Work to complete »
The entries below need to be written out exactly, with no pictures included.

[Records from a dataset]

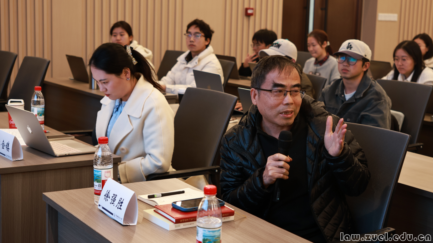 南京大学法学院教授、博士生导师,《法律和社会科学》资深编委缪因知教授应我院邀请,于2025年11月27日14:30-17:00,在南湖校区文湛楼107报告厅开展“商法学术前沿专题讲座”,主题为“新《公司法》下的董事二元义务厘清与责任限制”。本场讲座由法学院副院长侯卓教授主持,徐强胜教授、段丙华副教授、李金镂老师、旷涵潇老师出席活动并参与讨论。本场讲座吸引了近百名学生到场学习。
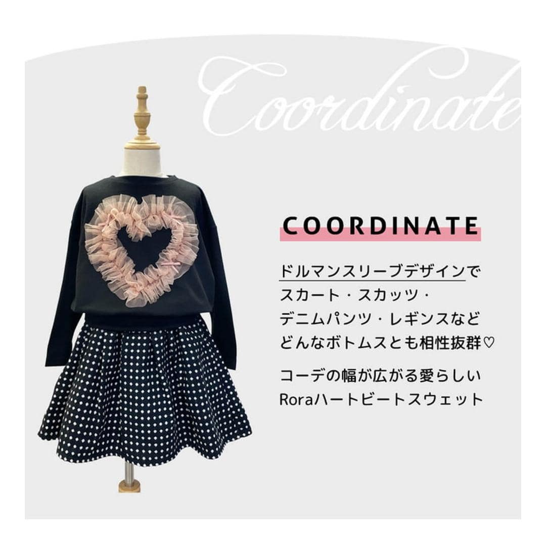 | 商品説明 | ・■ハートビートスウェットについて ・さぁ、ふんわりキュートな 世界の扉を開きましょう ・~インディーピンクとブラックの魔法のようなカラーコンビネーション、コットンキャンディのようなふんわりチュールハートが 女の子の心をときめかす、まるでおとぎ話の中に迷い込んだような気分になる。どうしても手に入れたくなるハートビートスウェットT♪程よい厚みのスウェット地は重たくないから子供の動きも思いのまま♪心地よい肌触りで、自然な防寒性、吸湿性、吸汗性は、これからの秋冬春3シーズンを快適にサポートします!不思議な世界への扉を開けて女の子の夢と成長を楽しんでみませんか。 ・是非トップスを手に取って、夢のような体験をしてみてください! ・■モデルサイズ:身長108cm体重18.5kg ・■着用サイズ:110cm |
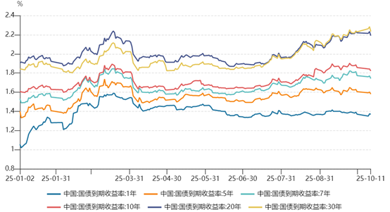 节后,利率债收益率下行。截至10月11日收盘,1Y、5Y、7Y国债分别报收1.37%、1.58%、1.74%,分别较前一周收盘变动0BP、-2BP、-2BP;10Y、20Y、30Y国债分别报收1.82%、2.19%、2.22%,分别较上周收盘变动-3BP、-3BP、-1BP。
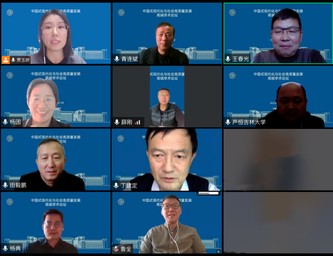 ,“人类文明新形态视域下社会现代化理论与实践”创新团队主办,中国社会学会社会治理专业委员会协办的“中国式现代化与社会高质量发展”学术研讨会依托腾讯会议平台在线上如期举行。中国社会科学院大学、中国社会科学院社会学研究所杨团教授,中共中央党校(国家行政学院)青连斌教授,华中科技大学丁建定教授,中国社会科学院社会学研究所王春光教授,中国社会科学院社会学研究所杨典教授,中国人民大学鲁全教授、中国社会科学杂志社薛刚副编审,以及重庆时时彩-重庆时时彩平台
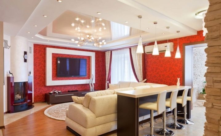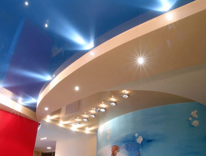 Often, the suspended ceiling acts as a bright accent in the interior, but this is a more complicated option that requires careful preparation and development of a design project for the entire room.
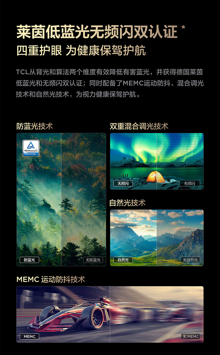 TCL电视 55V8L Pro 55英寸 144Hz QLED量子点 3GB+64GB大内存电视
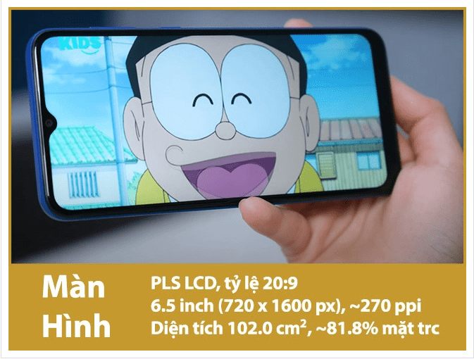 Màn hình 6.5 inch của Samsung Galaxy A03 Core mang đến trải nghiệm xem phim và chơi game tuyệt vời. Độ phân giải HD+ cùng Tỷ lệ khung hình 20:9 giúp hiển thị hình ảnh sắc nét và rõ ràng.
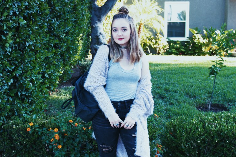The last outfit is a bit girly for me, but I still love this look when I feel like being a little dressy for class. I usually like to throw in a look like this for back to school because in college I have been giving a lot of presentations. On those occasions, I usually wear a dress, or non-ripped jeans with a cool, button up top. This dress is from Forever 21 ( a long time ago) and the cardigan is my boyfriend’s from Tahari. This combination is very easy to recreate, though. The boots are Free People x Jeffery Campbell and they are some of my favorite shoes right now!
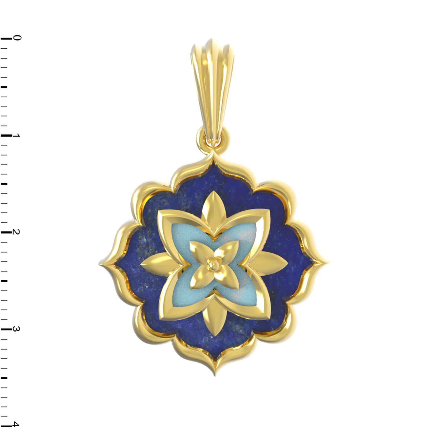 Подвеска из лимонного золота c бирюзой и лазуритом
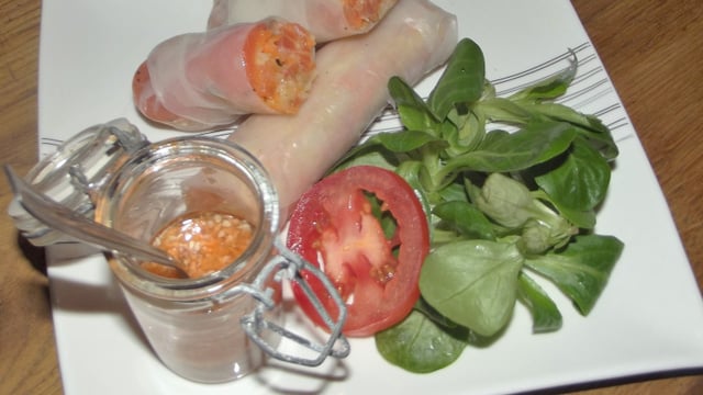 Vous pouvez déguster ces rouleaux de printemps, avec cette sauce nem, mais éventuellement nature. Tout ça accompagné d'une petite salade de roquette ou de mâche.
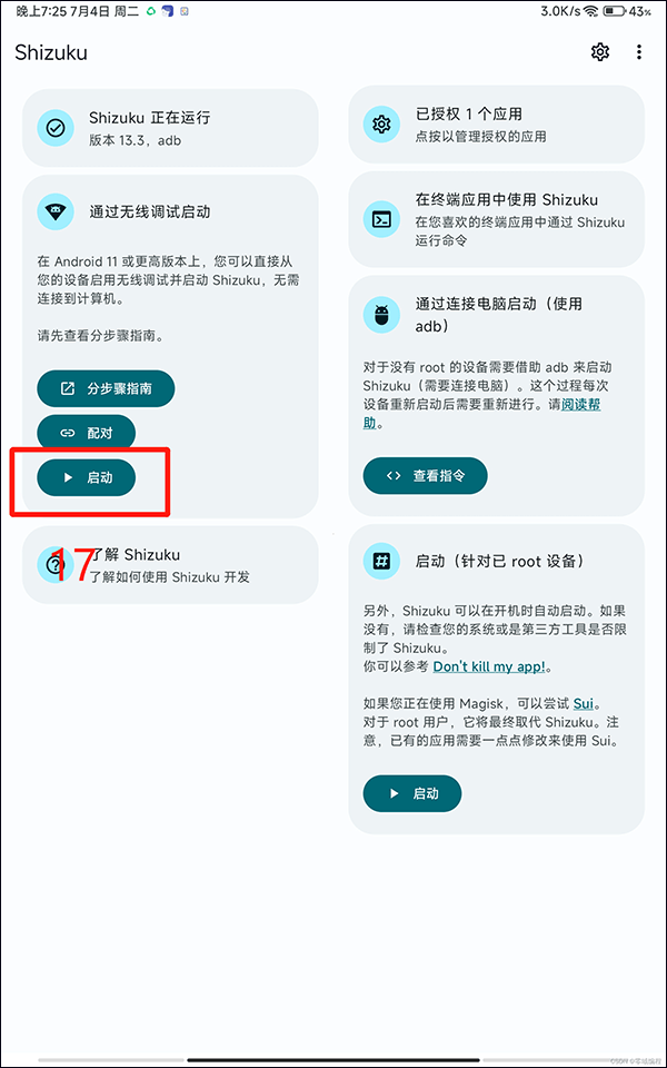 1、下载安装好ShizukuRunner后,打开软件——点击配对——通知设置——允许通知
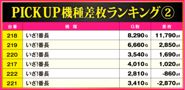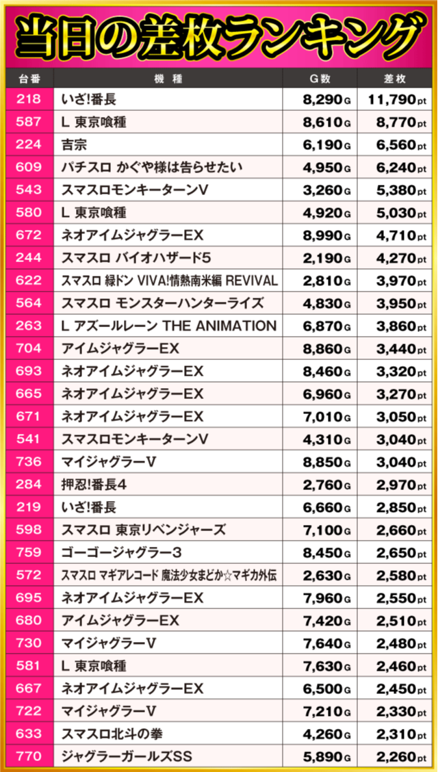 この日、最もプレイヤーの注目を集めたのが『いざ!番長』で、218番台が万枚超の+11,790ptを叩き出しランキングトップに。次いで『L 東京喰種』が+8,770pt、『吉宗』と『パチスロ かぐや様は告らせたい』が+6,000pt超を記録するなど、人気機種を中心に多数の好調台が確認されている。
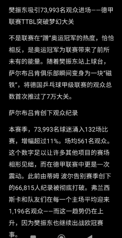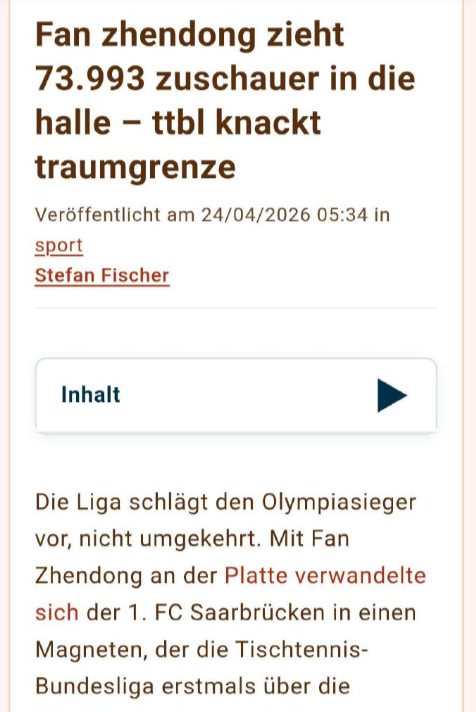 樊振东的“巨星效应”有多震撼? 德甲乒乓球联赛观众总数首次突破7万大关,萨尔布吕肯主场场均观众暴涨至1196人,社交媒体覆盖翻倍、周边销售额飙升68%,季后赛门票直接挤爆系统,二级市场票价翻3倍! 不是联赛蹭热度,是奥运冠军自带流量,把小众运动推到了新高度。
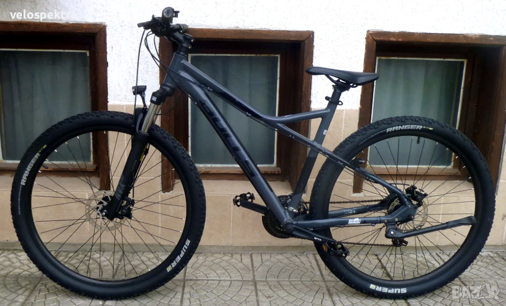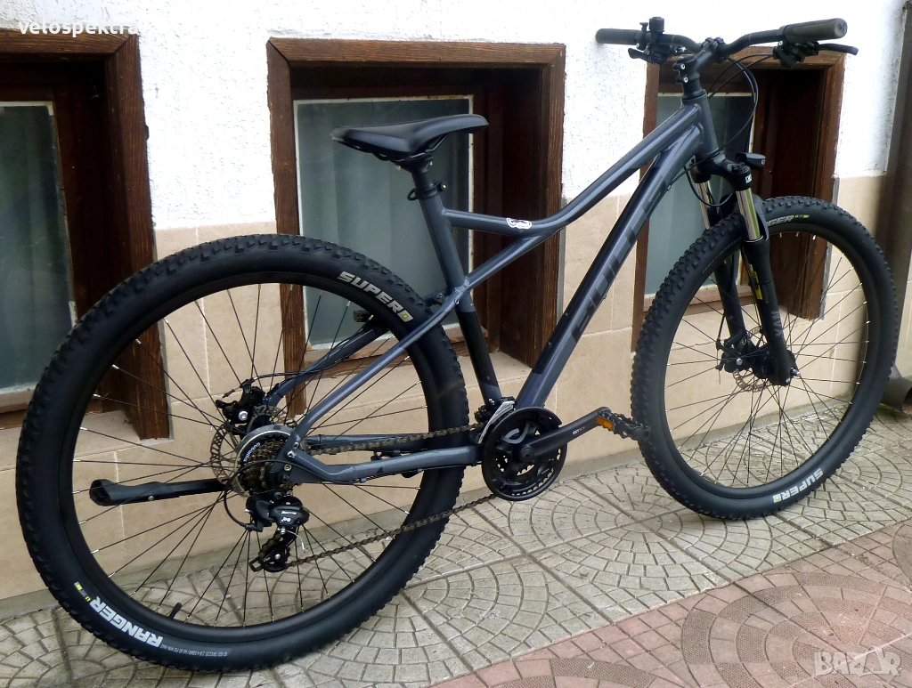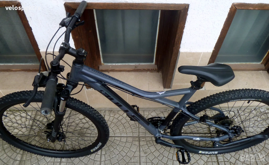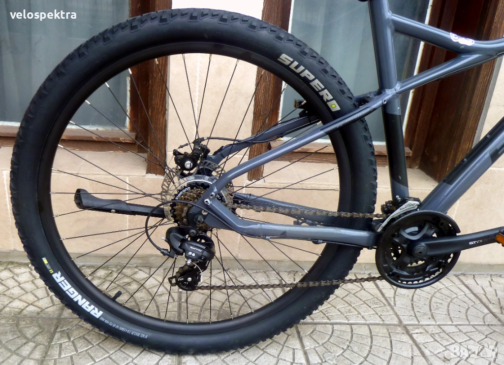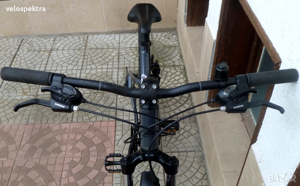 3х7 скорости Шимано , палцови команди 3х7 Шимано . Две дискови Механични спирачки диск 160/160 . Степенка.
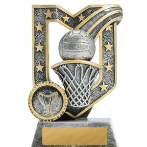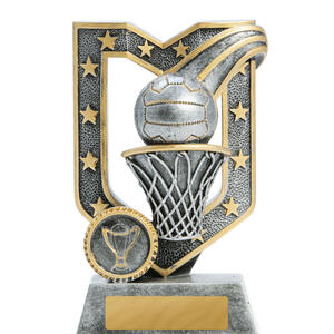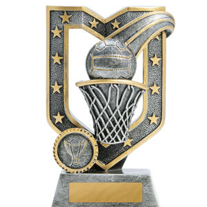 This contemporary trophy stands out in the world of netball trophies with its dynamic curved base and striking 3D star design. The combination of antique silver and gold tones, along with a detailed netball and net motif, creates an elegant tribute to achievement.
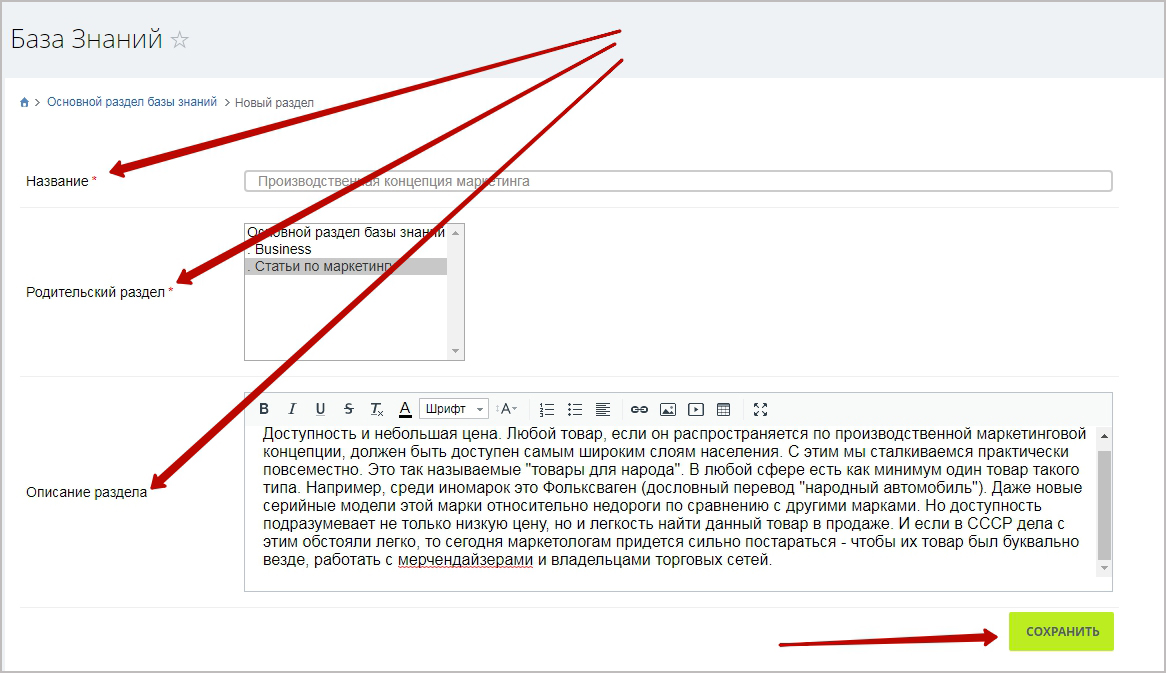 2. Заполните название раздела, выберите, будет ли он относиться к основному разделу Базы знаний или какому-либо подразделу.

Reply to the exercise »
 南京大学法学院教授、博士生导师,《法律和社会科学》资深编委缪因知教授应我院邀请,于2025年11月27日14:30-17:00,在南湖校区文湛楼107报告厅开展“商法学术前沿专题讲座”,主题为“新《公司法》下的董事二元义务厘清与责任限制”。本场讲座由法学院副院长侯卓教授主持,徐强胜教授、段丙华副教授、李金镂老师、旷涵潇老师出席活动并参与讨论。本场讲座吸引了近百名学生到场学习。
 | 商品説明 | ・■ハートビートスウェットについて ・さぁ、ふんわりキュートな 世界の扉を開きましょう ・~インディーピンクとブラックの魔法のようなカラーコンビネーション、コットンキャンディのようなふんわりチュールハートが 女の子の心をときめかす、まるでおとぎ話の中に迷い込んだような気分になる。どうしても手に入れたくなるハートビートスウェットT♪程よい厚みのスウェット地は重たくないから子供の動きも思いのまま♪心地よい肌触りで、自然な防寒性、吸湿性、吸汗性は、これからの秋冬春3シーズンを快適にサポートします!不思議な世界への扉を開けて女の子の夢と成長を楽しんでみませんか。 ・是非トップスを手に取って、夢のような体験をしてみてください! ・■モデルサイズ:身長108cm体重18.5kg ・■着用サイズ:110cm |
 节后,利率债收益率下行。截至10月11日收盘,1Y、5Y、7Y国债分别报收1.37%、1.58%、1.74%,分别较前一周收盘变动0BP、-2BP、-2BP;10Y、20Y、30Y国债分别报收1.82%、2.19%、2.22%,分别较上周收盘变动-3BP、-3BP、-1BP。
 ,“人类文明新形态视域下社会现代化理论与实践”创新团队主办,中国社会学会社会治理专业委员会协办的“中国式现代化与社会高质量发展”学术研讨会依托腾讯会议平台在线上如期举行。中国社会科学院大学、中国社会科学院社会学研究所杨团教授,中共中央党校(国家行政学院)青连斌教授,华中科技大学丁建定教授,中国社会科学院社会学研究所王春光教授,中国社会科学院社会学研究所杨典教授,中国人民大学鲁全教授、中国社会科学杂志社薛刚副编审,以及重庆时时彩-重庆时时彩平台
 Often, the suspended ceiling acts as a bright accent in the interior, but this is a more complicated option that requires careful preparation and development of a design project for the entire room.
 TCL电视 55V8L Pro 55英寸 144Hz QLED量子点 3GB+64GB大内存电视
 Màn hình 6.5 inch của Samsung Galaxy A03 Core mang đến trải nghiệm xem phim và chơi game tuyệt vời. Độ phân giải HD+ cùng Tỷ lệ khung hình 20:9 giúp hiển thị hình ảnh sắc nét và rõ ràng.
The last outfit is a bit girly for me, but I still love this look when I feel like being a little dressy for class. I usually like to throw in a look like this for back to school because in college I have been giving a lot of presentations. On those occasions, I usually wear a dress, or non-ripped jeans with a cool, button up top. This dress is from Forever 21 ( a long time ago) and the cardigan is my boyfriend’s from Tahari. This combination is very easy to recreate, though. The boots are Free People x Jeffery Campbell and they are some of my favorite shoes right now!
 Подвеска из лимонного золота c бирюзой и лазуритом
 Vous pouvez déguster ces rouleaux de printemps, avec cette sauce nem, mais éventuellement nature. Tout ça accompagné d'une petite salade de roquette ou de mâche.
 1、下载安装好ShizukuRunner后,打开软件——点击配对——通知设置——允许通知
 この日、最もプレイヤーの注目を集めたのが『いざ!番長』で、218番台が万枚超の+11,790ptを叩き出しランキングトップに。次いで『L 東京喰種』が+8,770pt、『吉宗』と『パチスロ かぐや様は告らせたい』が+6,000pt超を記録するなど、人気機種を中心に多数の好調台が確認されている。
 樊振东的“巨星效应”有多震撼? 德甲乒乓球联赛观众总数首次突破7万大关,萨尔布吕肯主场场均观众暴涨至1196人,社交媒体覆盖翻倍、周边销售额飙升68%,季后赛门票直接挤爆系统,二级市场票价翻3倍! 不是联赛蹭热度,是奥运冠军自带流量,把小众运动推到了新高度。
 3х7 скорости Шимано , палцови команди 3х7 Шимано . Две дискови Механични спирачки диск 160/160 . Степенка.
 This contemporary trophy stands out in the world of netball trophies with its dynamic curved base and striking 3D star design. The combination of antique silver and gold tones, along with a detailed netball and net motif, creates an elegant tribute to achievement.
 2. Заполните название раздела, выберите, будет ли он относиться к основному разделу Базы знаний или какому-либо подразделу.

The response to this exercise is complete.